После завершения Сталинградской эпопеи подразделения 17–й воздушной армии почему-то не были награждены медалью «За оборону Сталинграда». Отец искренне и по моему вполне логично считал, что их полк принимал участие в этой битве, так как они работали исключительно по танковой армии Гота, которая стремилась на помощь Паульсу, но искать логику в действиях наших властей пустая затея.
В 1943 году 39–й полк упоминается среди первых частей, участвовавших в освобождении Украины, а точнее Ворошиловградской области. Мне довелось читать брошюру, в которой рассказывалось о подвиге командира эскадрильи 39–бомбардировочного полка, который «повторил подвиг капитана Гастелло, направив свой подбитый самолет на скопление вражеских эшелонов в Ворошиловграде».

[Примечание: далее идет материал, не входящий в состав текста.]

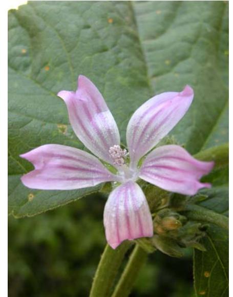
Bull Mallow Malva nicaeensis Introduced Annual Mallow Family

Я слышал об этой истории от отца, но несколько по–иному. Утюскин был из числа самых старых летчиков. Прошел финскую, на фронте с первого дня.
Сбили его на глазах отца зенитным снарядом при бомбежке Ворошиловградского железнодорожного узла. Неуправляемая машина камнем врезалась в землю. Поднятая вокруг его имени шумиха всех в полку удивила. В газетах и брошюрах его гибель продолжали сравнивать с подвигом Гастелло, но к званию героя Советского Союза не представили.
Надо сказать, что отец не являлся верующим человеком в общепринятом смысле. Он никогда при мне не ходил в церковь, дома никогда не было икон, тем не менее, он знал несколько молитв, которые без единой оговорки нам зачитывал.
Был ли отец атеистом? Думаю, что нет. Уважение к церкви, к священнослужителям у него было всегда. Однажды на поминках умершего соседа Александра Павловича Скрипченко произошел поразивший меня разговор.
Кто-то из уже подвыпивших гостей вдруг сказал, что-то вроде того, что «Уж Евгений Матвеевич обязательно попадет в Рай».
Как я понимал, подтекст сказанного заключался в том, что в глазах соседей у моего отца была безупречная репутация.
«Нет! В Рай я никогда не попаду. Я слишком много убил людей» —негромко, но твердо ответил отец.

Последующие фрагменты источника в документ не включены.